Today: Dr Patrick Stokes, ‘Some Kierkegaardian Contributions to Analytic Philosophy of Personal Identity’

Deakin University philosophy seminar series
Dr Patrick Stokes (Deakin University) presents ‘The Naked Self: Some Kierkegaardian Contributions to Analytic Philosophy of Personal Identity’
Tuesday 6 March from 3.30-5pm in C2.05 on Deakin University’s Burwood campus, videolinked to ic1.108 on the Waurn Ponds campus

In 2012, Deakin University will be hosting a series of philosophy seminars. These seminars are planned for each Tuesday afternoon. For a full schedule of coming presentations, visit http://deakinphilosophicalsociety.com/calendar.

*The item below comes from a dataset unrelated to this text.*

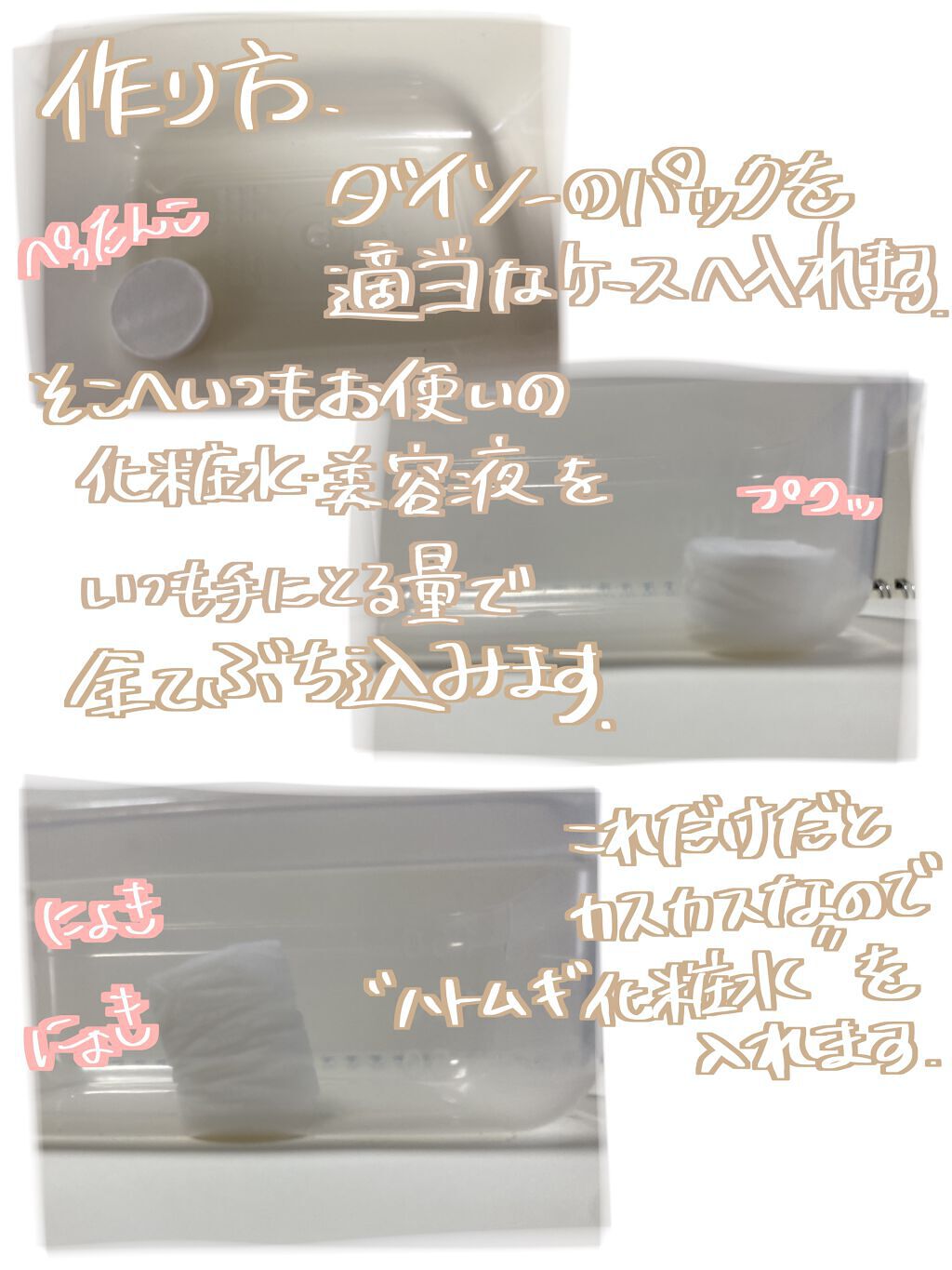 たっぷり水分補給できる高浸透処方✨ 天然保湿成分 「ハトムギエキス」配合 コスパが良いのでたっぷりと惜しみなく使える✨ ダイソーに売ってあるフェイスシートにたっぷり含ませてパックするのが好き♡

Today, Tuesday 6 March from 3.30-5pm in c2.05 on the Burwood campus (videolinked to ic1.108 on the Waurn Ponds campus), Dr Patrick Stokes from Deakin University will presents ‘The Naked Self: Some Kierkegaardian Contributions to Analytic Philosophy of Personal Identity’.

ABSTRACT
Kierkegaard is a philosopher with striking — and often confronting — things to say about the nature, structure, constitution and importance of selfhood, yet he his work has been almost totally absent from contemporary discussions of self and identity. I argue that Kierkegaard’s reflexive understanding of memory and anticipation, particularly his discussions of ‘contemporaneity’ as an experience of phenomenal co-presence with past and future events, offer useful insights for these discussions. However, Kierkegaard’s understanding of selfhood also challenges contemporary accounts of the self (both metaphysical and practical) due to its fundamentally normative, eschatologically-oriented nature, and its corresponding dual temporality. Ultimately, Kierkegaard offers an irreducibly first-personal, temporally-emplaced model of selfhood that points beyond some of the current impasses in personal identity theory.

Dr PATRICK STOKES
Patrick Stokes is Lecturer in Philosophy at Deakin University. His current research is concerned to bring Kierkegaard into dialogue with contemporary analytic philosophy, as well as to explore the temporal and perspectival aspects of the question of selfhood. He is the author of Kierkegaard’s Mirrors: Interest, Self and Moral Vision (Palgrave, 2010) and, with Adam Buben, the co-editor of Kierkegaard and Death (Indiana UP, 2011).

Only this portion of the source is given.